Let’s go through the Bayesian workflow

flowchart LR
  subgraph DATA
    direction TB
    A[Identify/Collect Data] --> B[Visualize Data]
  end
    %% B --> C[Choose/Modify Model]
  subgraph MODEL
    H -->|Model fit not satisfactory|C
    C[Choose/Modify Model] --> D[Specify Priors]
    D --> E[Prior Predictive Check]
    E --> G[MCMC Sampling with Convergence diagnostics]
    G --> H[Posterior Predictive Check]
  end
  subgraph RESULTS
    %% I -->|Model is reasonable|J[Model comparisons/averaging]
    J[Model comparisons/averaging] --> K[Interpret and Visualize Results]
  end
  DATA --> MODEL
  MODEL --> RESULTS

Choose a Model: Bernoulli

Data: \(y\) = survival status (0 = “A”, 1 = “D”)

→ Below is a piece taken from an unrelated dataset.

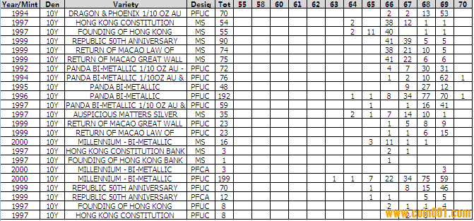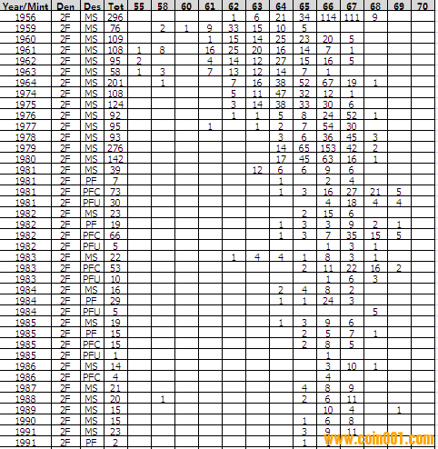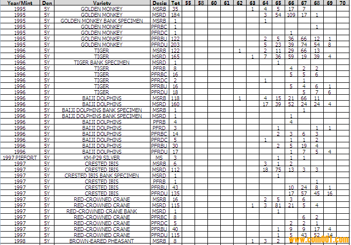 NGC硬幣評級分數(shù)分布 ..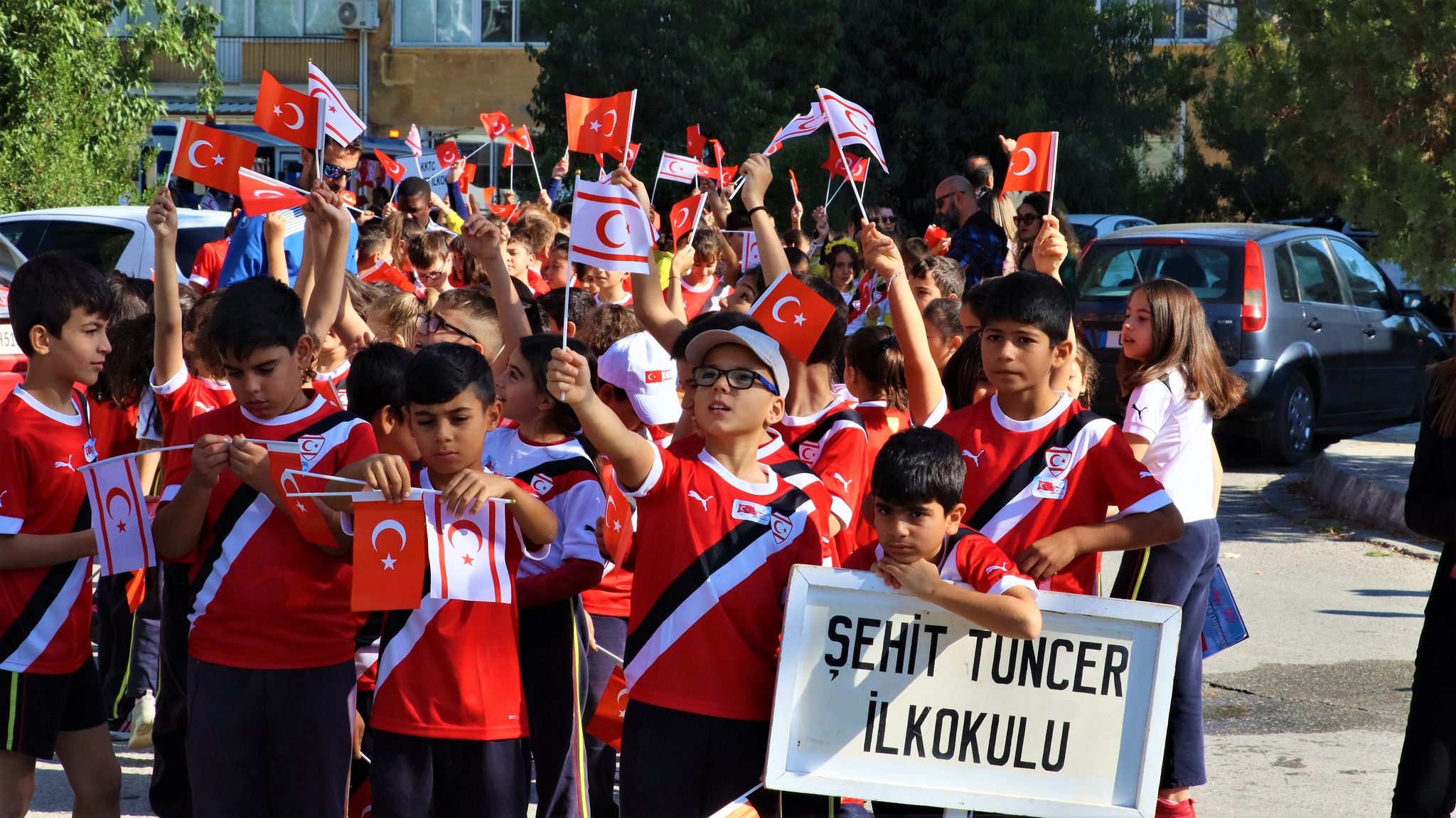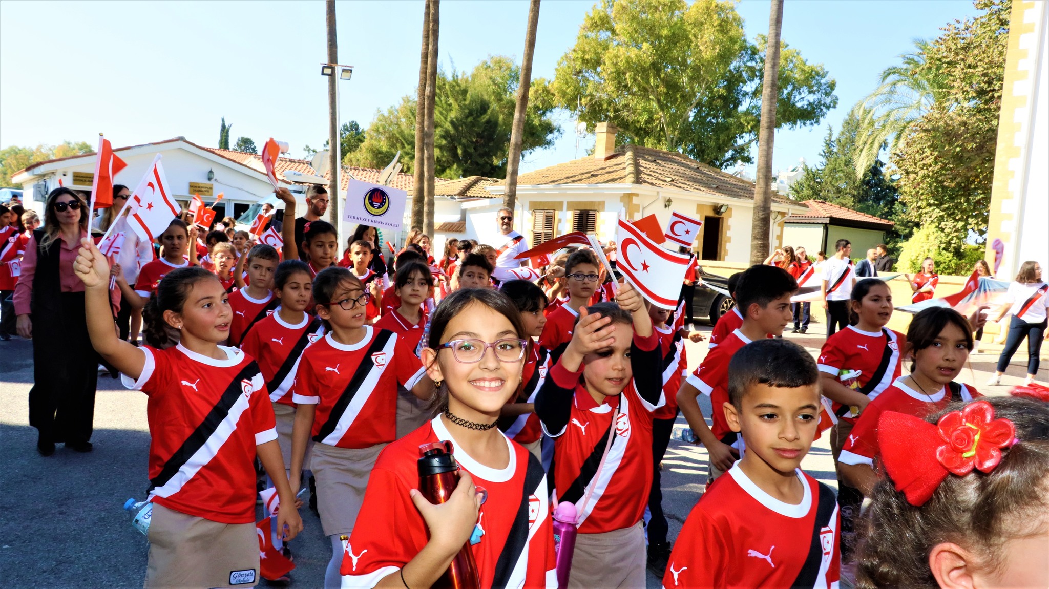 KKTC Milli Takım formalarının da giyildiği kortej yürüyüşü, Milli Eğitim Bakanlığı önünden başladı, Asal Şube, Girne Kapısı, Mahkemeler güzergâhını izlenerek, Cumhurbaşkanlığı’na ulaşıldı.

Parameter: \(\theta\) = probability of “D”

Model equation: \(y_i \sim \text{Bern}(\theta)\) for \(i = 1, 2, \ldots, N\)

The model states:

the sample data \(y\) follows a Bernoulli distribution with the common parameter \(\theta\)

Bernoulli Likelihood

Notice that there is no subscript for \(\theta\):

The model assumes each observation has the same \(\theta\)
I.e., the observations are exchangeable

\[ P(y_1, y_2, \ldots, y_N) = \theta^z (1 - \theta)^{N - z} \]

\(z\) = number of “successes” (“D”)

\(z\) = 6 in this illustrative sample

theta	likelihood
0.0	0.00000
0.1	0.00000
0.2	0.00003
0.3	0.00018
0.4	0.00053
0.5	0.00098
0.6	0.00119
0.7	0.00095
0.8	0.00042
0.9	0.00005
1.0	0.00000

Choosing Priors

When choosing priors, start with the support of the parameter(s)

Support: Values that are possible

Support for \(\theta\): [0, 1]

One possible (but unlikely) option

\(\theta\) values in the range \([.40, .60)\) are 5 times more likely than any values outside of that range

Conjugate Prior: Beta Distribution

\[ P(\theta \mid a, b) \propto \theta^{a - 1} (1 - \theta)^{b - 1} I_{[0, 1]} \]

a <- 1
b <- 1
dbeta(theta1, shape1 = a, shape2 = b)

Conjugate Prior

A prior distribution that yields posterior in the same distribution family as the prior

Two hyperparameters, \(a\) and \(b\):

\(a - 1\) = number of prior ‘successes’ (e.g., “D”)
\(b - 1\) = number of prior ‘failures’

Obtaining the Posterior Analytically

\[ P(\theta \mid y) = \frac{P(y \mid \theta) P(\theta)}{\int_0^1 P(y \mid \theta^*) P(\theta^*) d \theta^*} \]

The denominator is usually intractable

Conjugate prior: Posterior is from a known distribution family

\(N\) trials and \(z\) successes
\(\mathrm{Beta}(a, b)\) prior
\(\Rightarrow\) \(\mathrm{Beta}(a + z, b + N - z)\) posterior
- \(a + \color{red}{z} - 1\) successes
- \(b + \color{red}{N - z} - 1\) failures

Back to the Example

\(N\) = 10, \(z\) = 6

Prior: Do you believe that the fatality rate of AIDS is 100%? or 0%?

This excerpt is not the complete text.